START Records shown
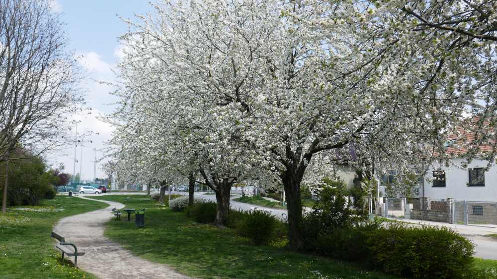 ... durch die in voller Blütenpracht stehende Kirschenallee nach Essling.
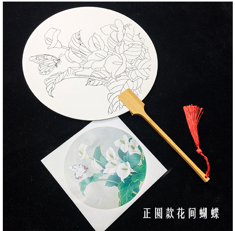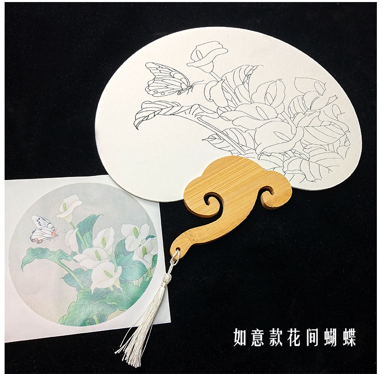 ruyi flower butterfly (circular fan + pigment)
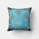 Boho chique gooi kussen --Blauw en zwart damast patroon met overlay.
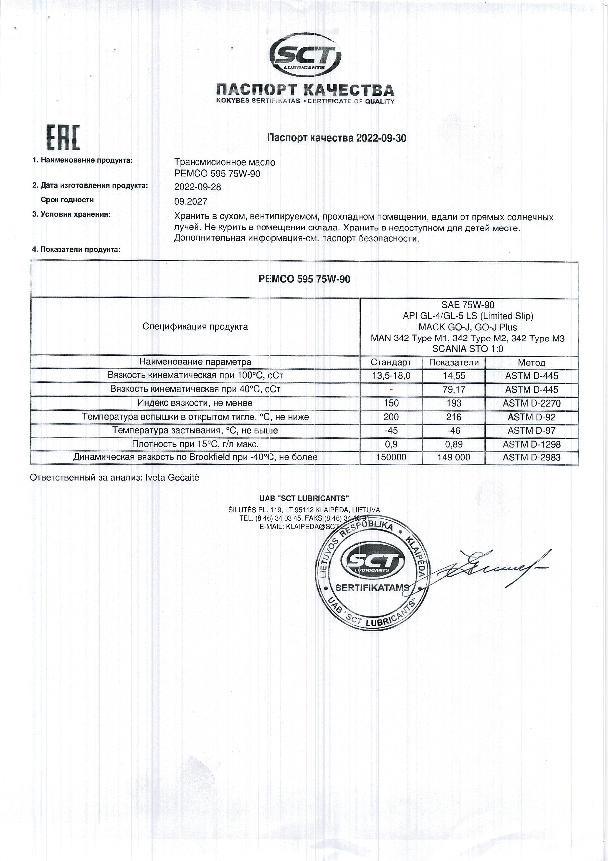Класс вязкости SAE – 75W-90
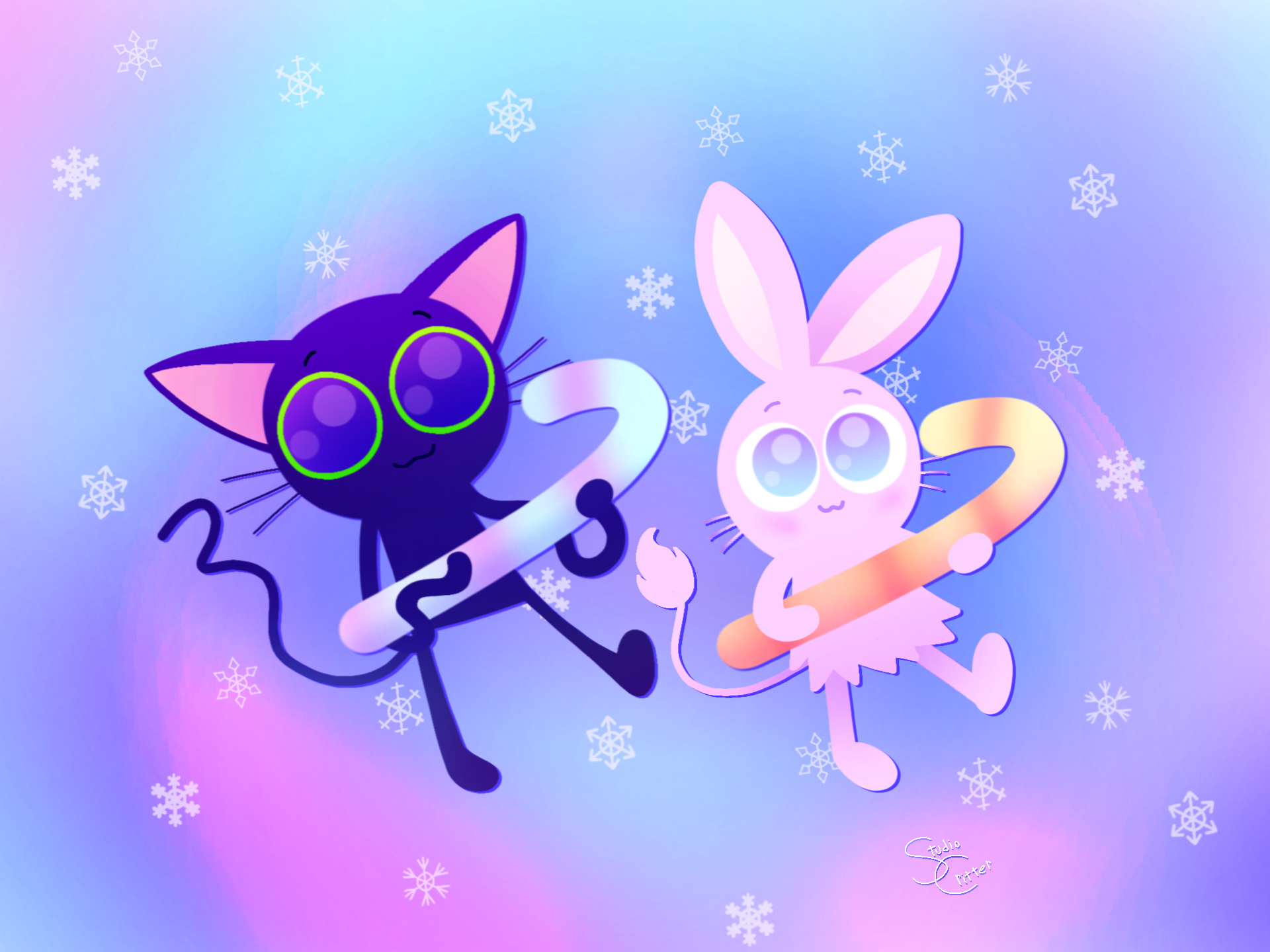 :snowflake: :santa: :christmas_tree: :gift: #merrychristmas #happyholidays #pipsqueaksquiggles #littlenoodles #pastel #cute #kawaii #snow #snowflakes #candycane #kitty #cat #bunny #rabbit #chibi #y2k #dance #drawing #painting #oc #studiocritter
END Records shown
| What the task asks |
Copy every line exactly, from the opening line of the entries down to the line holding "Класс вязкости SAE – 75W-90", and keep the pictures out.

| Output of the exercise |
 ... durch die in voller Blütenpracht stehende Kirschenallee nach Essling.
 ruyi flower butterfly (circular fan + pigment)
 Boho chique gooi kussen --Blauw en zwart damast patroon met overlay.
Класс вязкости SAE – 75W-90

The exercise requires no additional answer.